A Further Examination of the Topic

The discussion is going strong over on the Knight Agency Blog, but rather than open my big trap over there, I’m going to do it here, where I have free reign to be as long-winded and argumentative as I’d like. 😉

An anonymous poster asked Deidre about what age constituted YA, and she responded with:

…age cut off is variable right now. When I shopped out Diana Peterfreund’s new book and series, we had offers on it as both adult and YA. Her main protagonist is a junior in college. I think there’s a real “middle zone” right now, and it depends somewhat on tone and material of the work.

Tone, material, and market. Everyone knows that children read up. The market for, say, Seventeen magazine is 12-14 year olds. Dorchester’s Smooch line features books with kids who are 15 and 16, but is read mostly by kids who are 10-12. Berkley’s Jam line is supposed to be aimed a little older, maybe for 13 and 14 year olds? (Marianne?) Nephele was right earlier when she said that YA is categorized more by the age of the characters than the age of the readers. 10 year olds are what the industry calls “middle grade.” there’s a guy in my RWA chapter who writes historical middle-grade novels for boys. These are the books you read in 4,5 and 6th grade. It’s the difference between the Lois Lowrys and the Caroline B. Cooneys.

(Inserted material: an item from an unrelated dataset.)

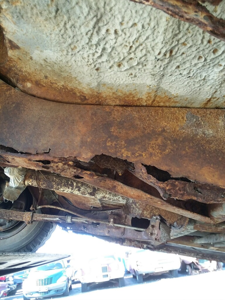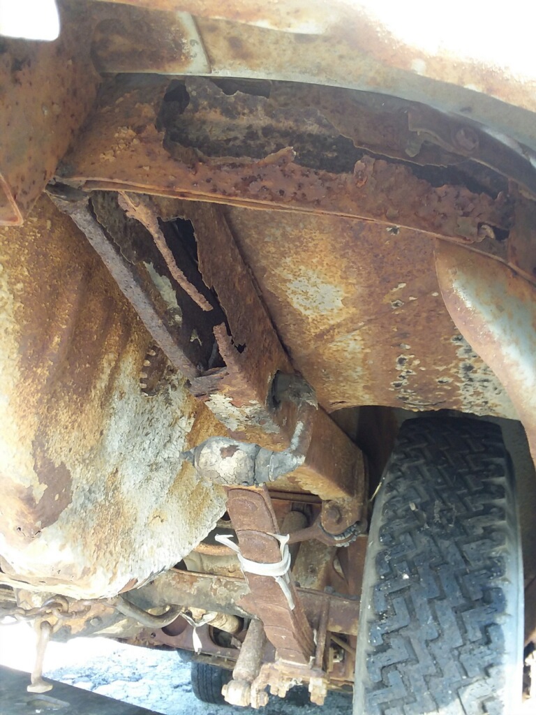 Ive taken a closer look and all the frame is solid but the frame in the rear from just after where the leaf springs attach back under the trunk floor is Pratt’s much gone .

I did get offers from both young adult and adult houses, but I’m very glad things panned out in the way they did. The YA houses had more questions about the tone and material of my work. The characters are very free in their “sex talk” — more like adult characters would be than children. But that’s who they are. Juniors and seniors in college. They don’t live with their parents anymore, they have their own apartments, they’re legal to drink, and though sex is still a really big deal to them (like it was to me at 21), most of them have already been around the block a few times, sexually speaking. At that age, many of the issues that populate YA books: underage drinking and sex, parental relations, sibling rivalry, first love, are not something that my characters are concerned about.

But college years are a transitional time, so many other adolescent issues do come to the forefront, though in a slightly different way. The characters still think about cliques, of course, and popularity, though there’s less of a sense of there being a “popular” crowd, and more of a sense of their being various social circles with little interaction between them, much like the adult world. The issue of parental control has a big part in the book, though it is more a question of, “Should my parents be controlling my choices any longer?” Again, these are not minors who are living at home, and the only hold their parents have on them is financial — their only means of control is to pull the plug on tuition. Of course, the biggest question in the book is about finding one’s identity, which is huge in YA, and huge in every other kind of fiction as well. Chick lit is all about the female search for self. So I don’t think that question is necessarily a YA one — you can find yourself at 50, too.

So I guess the final answer is that my books are truly about young adults making that last transitional step from adolescence to adulthood.

Even before I started shopping the book, a friend who writes YA told me that she didn’t know if it was really YA — a very astute observation. One house initially asked us if we would consider changing the characters to be freshmen in college.

(By the way, the answer to a question like that is always, “That’s a possibility,” even if what you want to say is, “Hell no! You get tapped into a secret society your senior year, after they see what you can do! That would change the verisimilitude of the whole project!”)

But mostly we were questioned about “the sex talk” which surprised me, since I wrote the book in the voice of a 21 year old, taking into account the way a 21 year old would talk about sex. And I’ve read Judy Blume. I’ve read Gossip Girls. I didn’t think I was getting out of line. But apparently, 18 year olds talking about sex as something salacious and shocking and most of all, new is something entirely different than 21 year olds using the exact same words to describe something they’ve been doing for three years. It’s an interesting distinction, and one that bears further examination down the line (as in, when I’m out from under the humid atmospheric pressure of my current deadlines).

Bantam was one of the houses that liked the story exactly how I wrote it. In fact, from my first conversation with my fabulous WiseEditor ™ Kerri Buckley, I knew that she understood my story and my heroine on an elemental level, knew without being told that it wasn’t about teens, and it wasn’t about grown ups, but it was about that difficult moment in college when you’re neither and both, and unsure which you want, anyway.